119: The Small Corrections That Compound
You are already doing the work. You just need someone to show you where.
The Ladder Fitness app took me far. I saw visible changes in my body. Strength went up. Muscle showed up where it hadn’t before. Discipline wasn’t missing. Consistency wasn’t missing.
I wasn’t dabbling. I was training regularly and following the program.
From the outside, it looked like it was working.
And in many ways, it was.
This Isn’t About Beginners
This isn’t for people who haven’t built discipline yet. It’s not for people still negotiating with themselves about whether they “feel like” showing up.
It’s for people who already do.
People who are consistent enough that effort is no longer the variable.
This is about what happens after that.
When a System Mostly Works, It Hides Its Flaws
Training on my own, without a coach watching in person, I developed a small movement habit that shifted load away from the joint.
Nothing dramatic. Nothing obvious.
The reps passed casual inspection. The movement “worked.”
But the angle was off ever so slightly.
Not enough to stop progress immediately. Enough to slowly stress my shoulder.
The tricky part was that it felt normal at first. Controlled. Familiar.
The pattern was undetectable while I was doing it.
That’s the danger of systems that mostly work.
When you’re inside them, inefficiency doesn’t feel like you are failing. It feels like normal.
Your body adapts. Your system compensates. Force gets rerouted instead of transferred.
Until it doesn’t.
What Expert Support Actually Looks Like
This is what people misunderstand about one-on-one guidance.

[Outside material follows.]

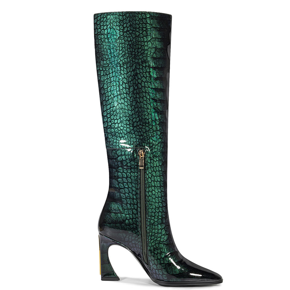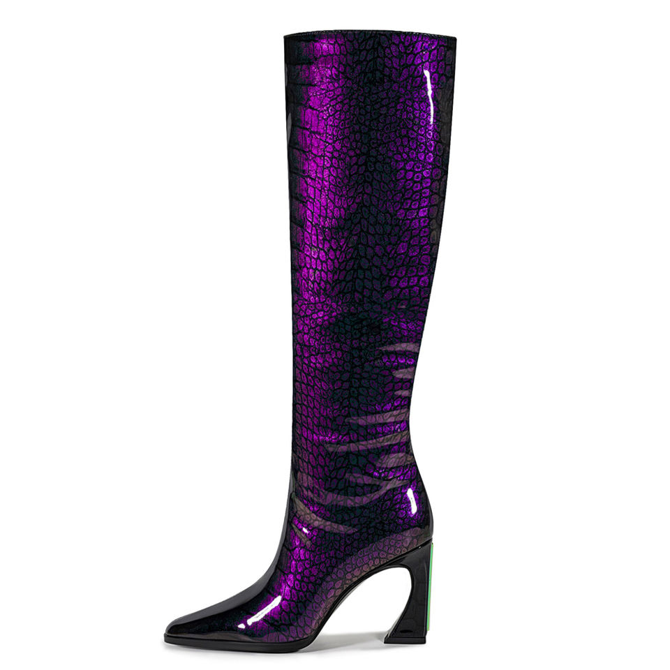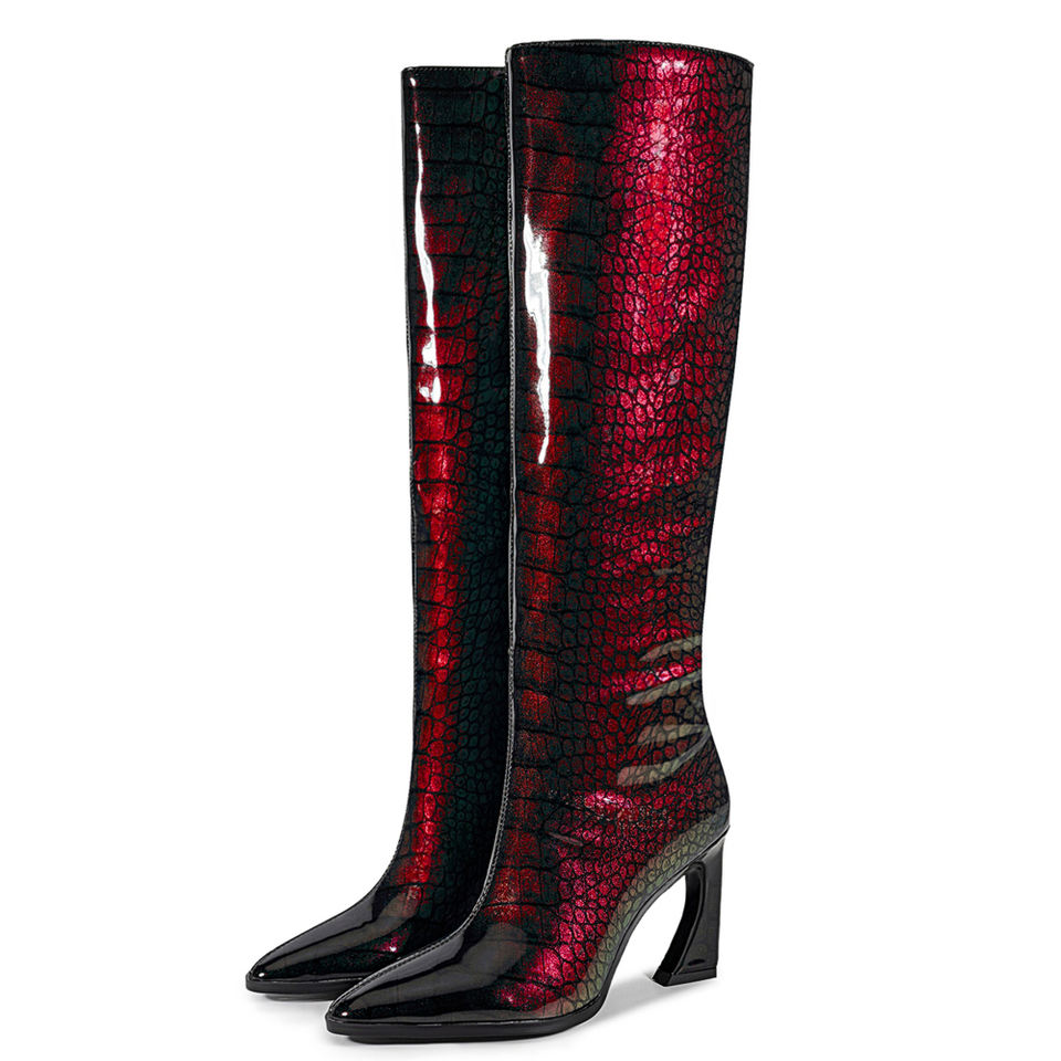Botas Altas de Tacón con Punta Fina y Cremallera Lateral para Mujer, Talla Grande 45, con Empeine de Charol Degradado Brillante

It’s not about learning something new. It’s not about motivation or mindset.
It’s about correction in context.
I eventually went to a Seitai master in São Paulo. His background wasn’t just therapeutic. He also studied movement patterns from jujitsu, not as a sport, but as a way of understanding how force should move through the body.
He didn’t hype me up. He didn’t explain theory.
He watched me stand. He watched me walk. He watched me initiate movement.
Within minutes, he saw what I couldn’t.
The feedback was immediate. Mechanical. Specific.
Adjust this. Brace here instead of there. Stop protecting the joint. Let the force pass through.
The changes were small. Almost boring in how simple they were.
The impact wasn’t.
Force started transferring cleanly again. The shoulder stopped compensating. Progress stopped leaking.
I wasn’t training more. I wasn’t pushing harder.
I was moving correctly.
The Same Thing Happens in Business
I see the same pattern in business all the time.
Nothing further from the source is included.